Extracted records:
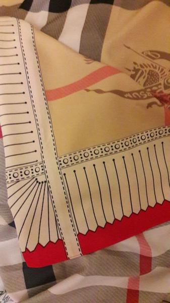заказывала у знакомой- под эрме оставила себе - под бербари продаю по цене как и купила - почта в подарок - платок очень красивый и мягкий не блестит ( может на фыото так вышло)
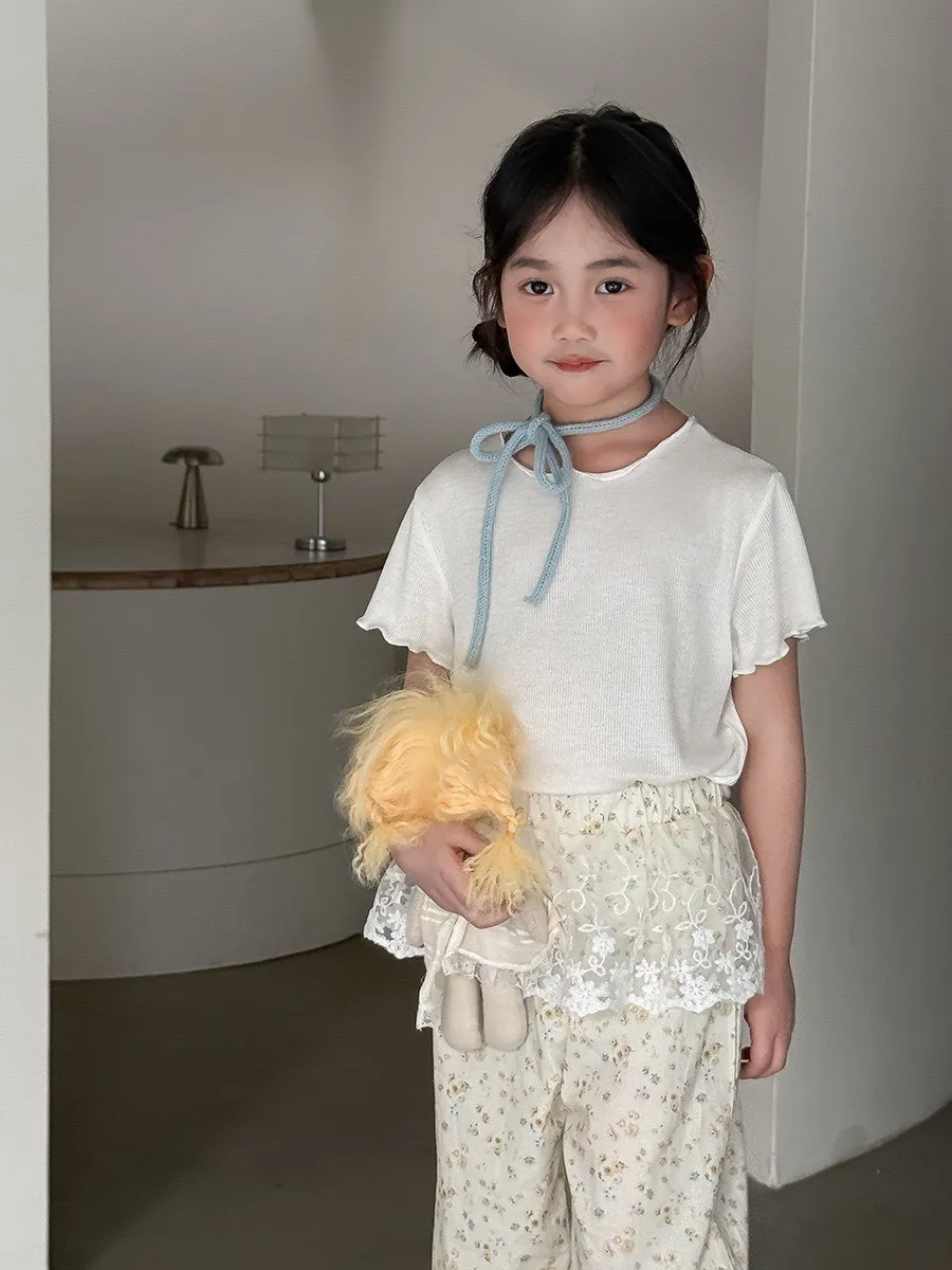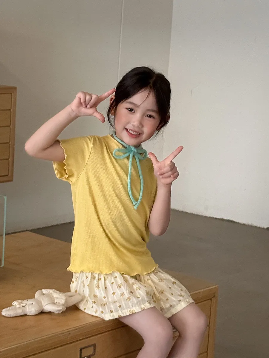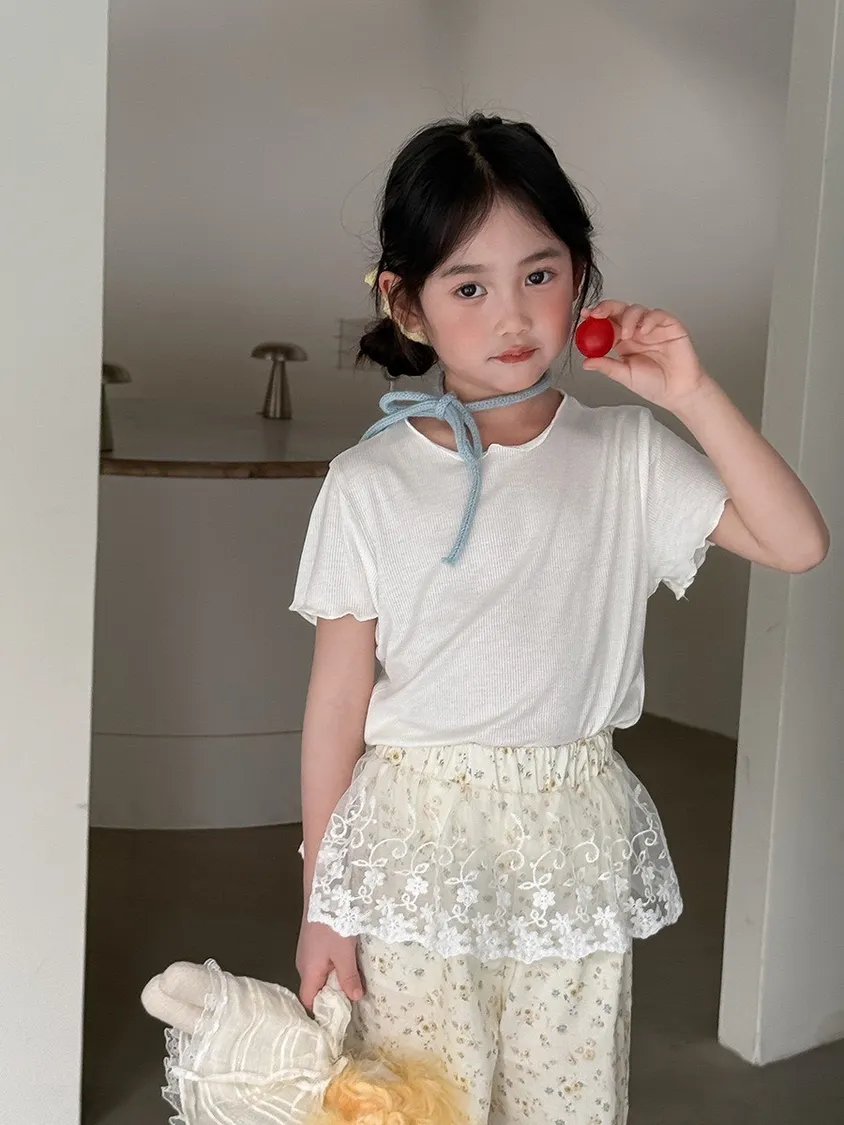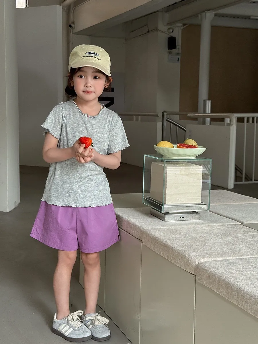 糖果色冰絲百搭木耳邊T恤
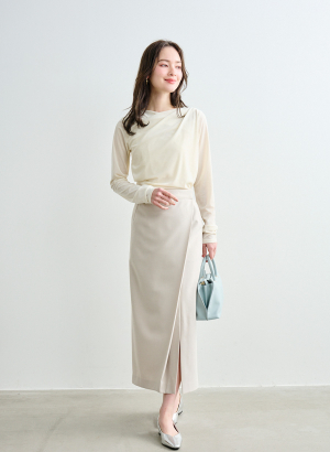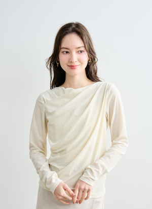 ・たっぷりとしたドレープ感と程良いVネック開きで、顔周りをすっきりと華やかに魅せてくれます。
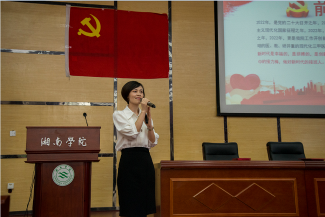 党委书记谭东辉在会上指出,迎接党的二十大胜利召开最好的方式,就是在对标争先中提升自我、加压奋进,以永不懈怠的精神状态和一往无前的奋斗姿态,凝心聚力谋发展,奋楫扬帆起新程。他强调,全院各党支部和党员要始终坚持党的领导不动摇,坚定捍卫“两个确立”,坚决做到“两个维护”;要始终坚持实施高质量党建工程,走出一条高质量党建统领高质量发展的新路子;要始终强化真抓实干的行动自觉,在建设特色鲜明的医教研并重的现代化医院中当好中流砥柱、展示先锋形象。
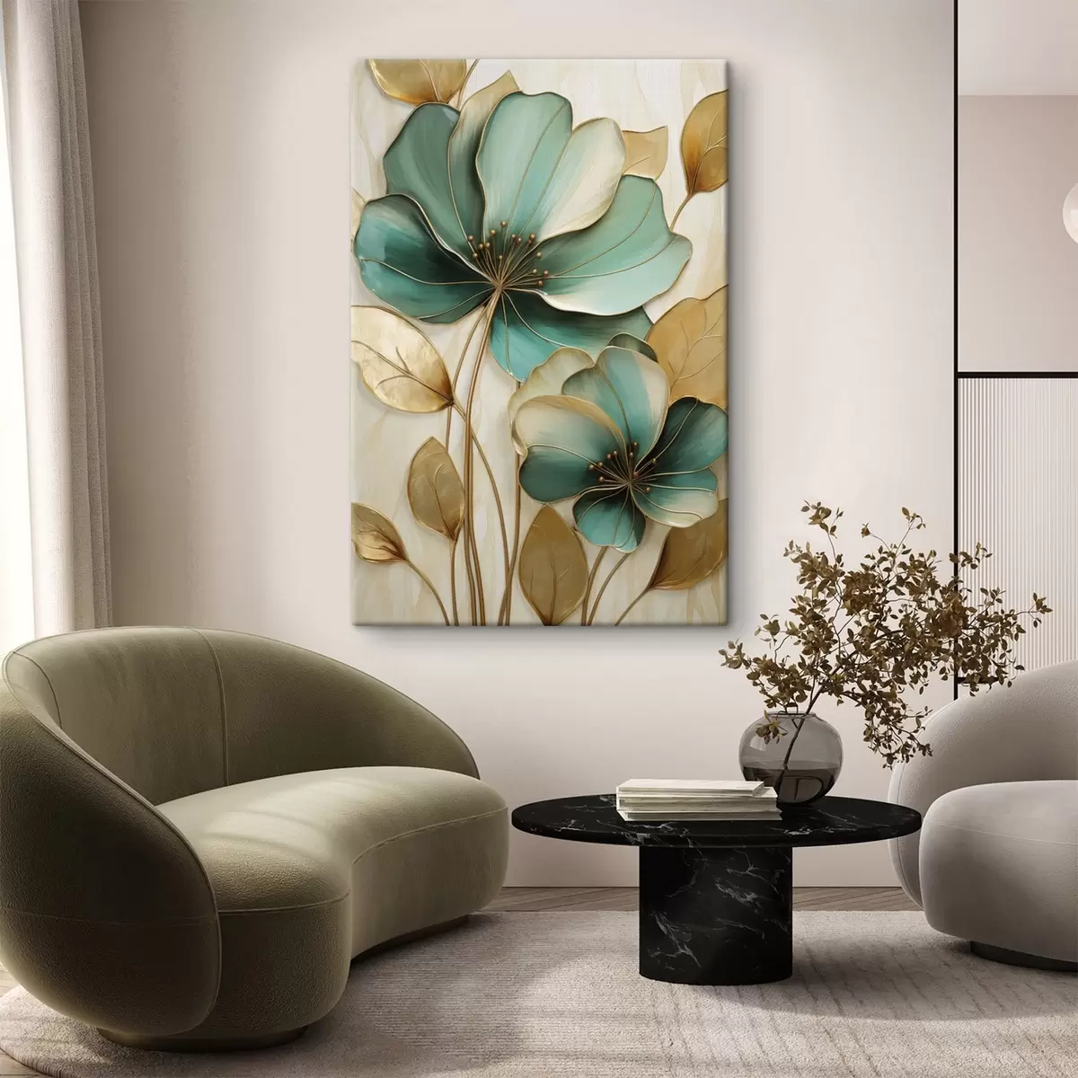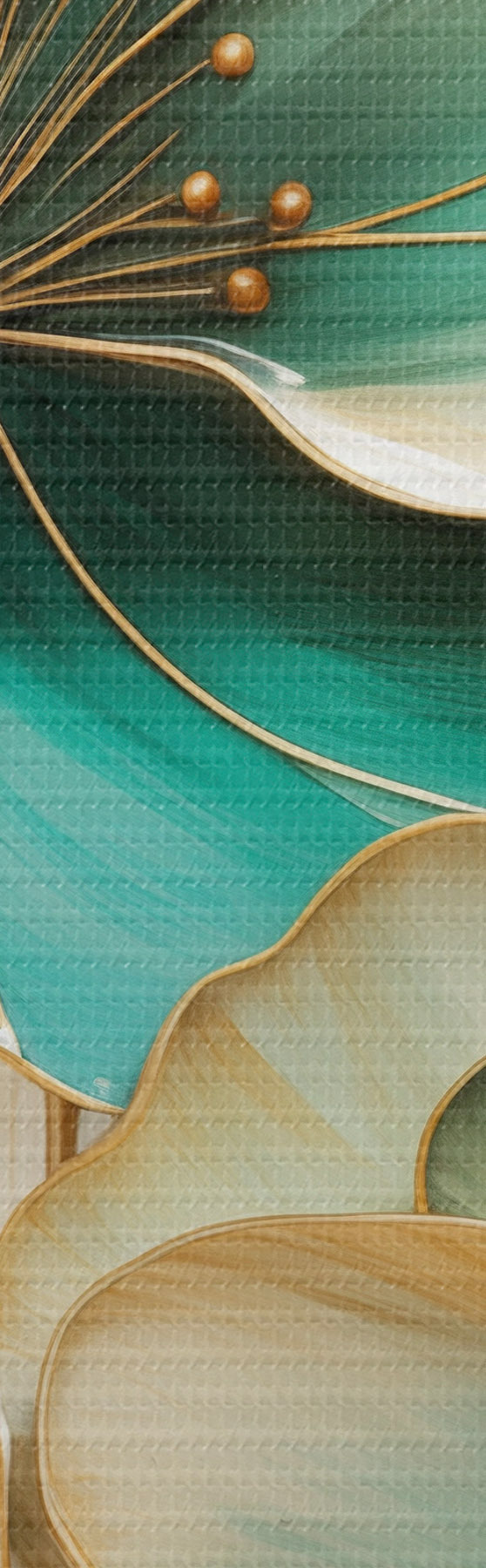 Obraz Velké modrozelené a žluté květy s obrysy, obklopené žlutými listy na abstraktním pozadí Č. s47418
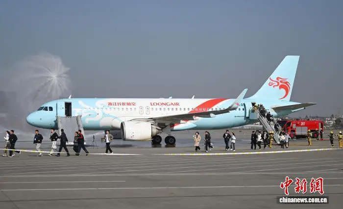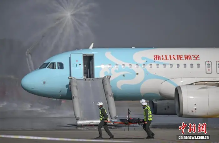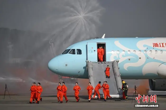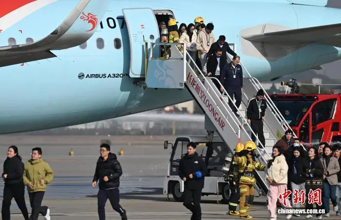 12月9日,参加演练人员有序离开飞机。当日,浙江杭州萧山国际机场举行“杭安·2025”航空器应急救援综合实战演练。本次演练模拟国际客运进港航班特情,设置航空器空中故障、人员救治与转运、无人机反干扰处置、残损航空器搬移等15项科目,通过跨部门实战化联动,全面检验机场及各救援单位的综合应急处置能力。中新社记者 王刚 摄
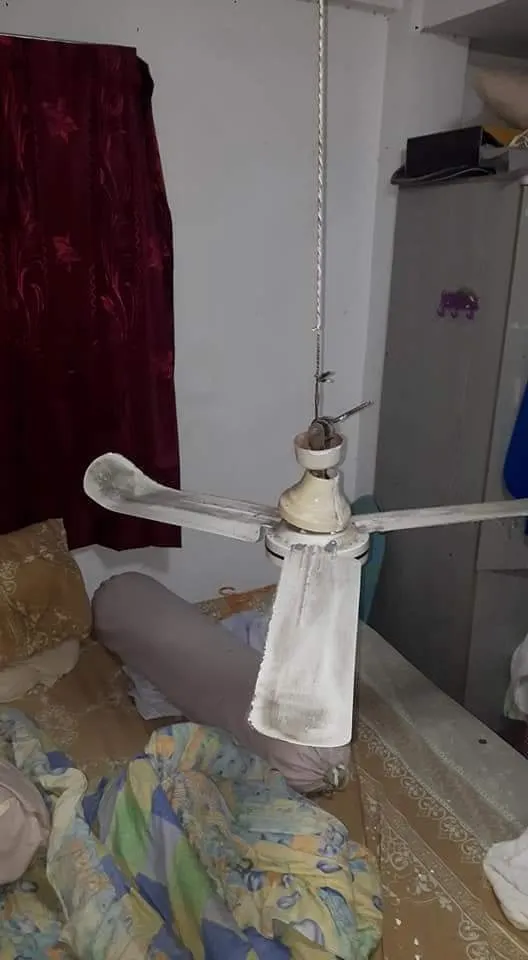 เตือนภัย อุบัติเหตุเกิดได้ทุกที่ทุกเวลาขนาดนอนอยู่บนเตียงยังเจ็บตัว พัดลมเพดานหลุด ถ้าใครมีพัดลมเพดานอายุการใช้งานนานแล้วตรวจเช็คด้วยนะคะ 10เข็มเบาๆ
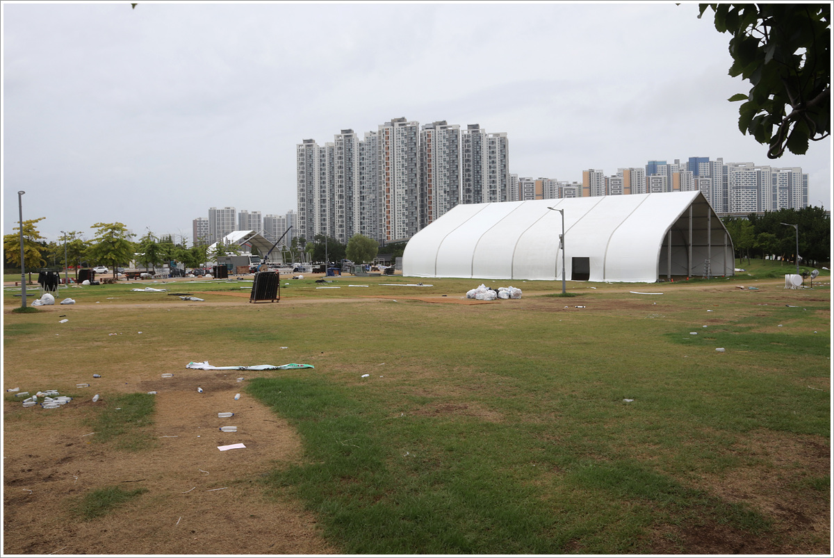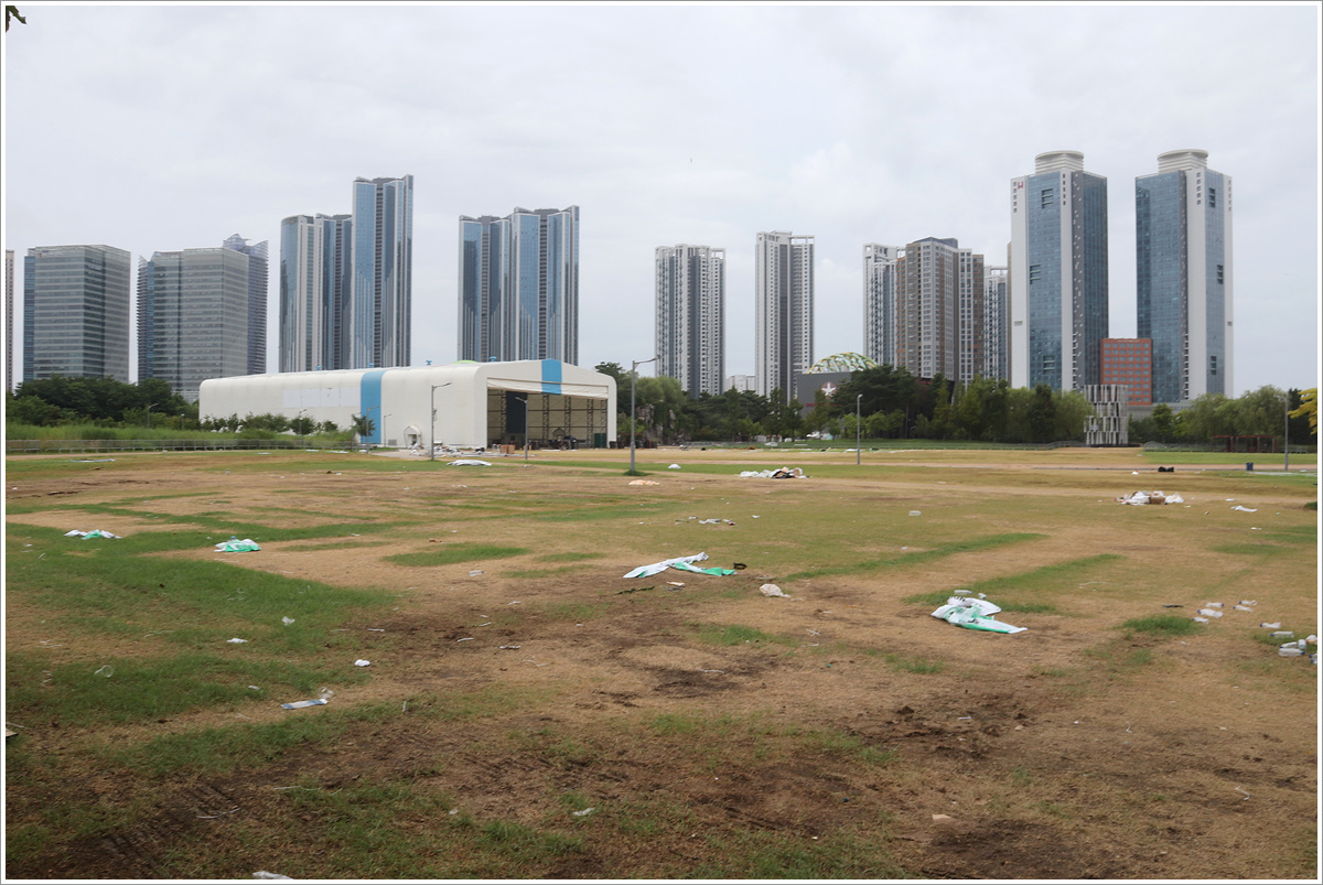 (우측 해안쪽은 향후 아파트가 들어설 부지로 계속 차단판넬이 따라 온다)
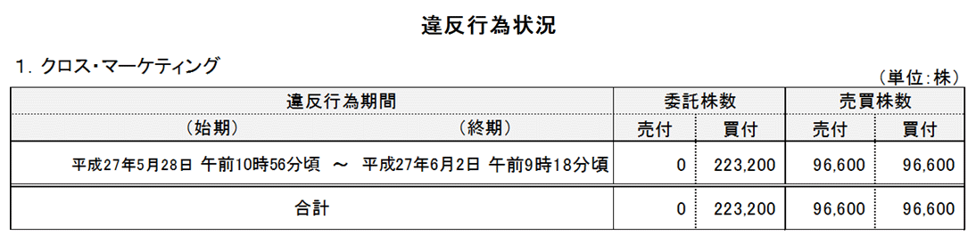 (1)当該違反行為に係る自己の計算による有価証券の売付け等の数量は、96,600株であり、当該違反行為に係る自己の計算による有価証券の買付け等の数量は、96,600株であることから、

• Work task
From the first line of the records through the line with "(우측 해안쪽은 향후 아파트가 들어설 부지로 계속 차단판넬이 따라 온다)", reproduce each line exactly and leave the pictures out.

• Response area
заказывала у знакомой- под эрме оставила себе - под бербари продаю по цене как и купила - почта в подарок - платок очень красивый и мягкий не блестит ( может на фыото так вышло)
 糖果色冰絲百搭木耳邊T恤
 ・たっぷりとしたドレープ感と程良いVネック開きで、顔周りをすっきりと華やかに魅せてくれます。
 党委书记谭东辉在会上指出,迎接党的二十大胜利召开最好的方式,就是在对标争先中提升自我、加压奋进,以永不懈怠的精神状态和一往无前的奋斗姿态,凝心聚力谋发展,奋楫扬帆起新程。他强调,全院各党支部和党员要始终坚持党的领导不动摇,坚定捍卫“两个确立”,坚决做到“两个维护”;要始终坚持实施高质量党建工程,走出一条高质量党建统领高质量发展的新路子;要始终强化真抓实干的行动自觉,在建设特色鲜明的医教研并重的现代化医院中当好中流砥柱、展示先锋形象。
 Obraz Velké modrozelené a žluté květy s obrysy, obklopené žlutými listy na abstraktním pozadí Č. s47418
 12月9日,参加演练人员有序离开飞机。当日,浙江杭州萧山国际机场举行“杭安·2025”航空器应急救援综合实战演练。本次演练模拟国际客运进港航班特情,设置航空器空中故障、人员救治与转运、无人机反干扰处置、残损航空器搬移等15项科目,通过跨部门实战化联动,全面检验机场及各救援单位的综合应急处置能力。中新社记者 王刚 摄
 เตือนภัย อุบัติเหตุเกิดได้ทุกที่ทุกเวลาขนาดนอนอยู่บนเตียงยังเจ็บตัว พัดลมเพดานหลุด ถ้าใครมีพัดลมเพดานอายุการใช้งานนานแล้วตรวจเช็คด้วยนะคะ 10เข็มเบาๆ
 (우측 해안쪽은 향후 아파트가 들어설 부지로 계속 차단판넬이 따라 온다)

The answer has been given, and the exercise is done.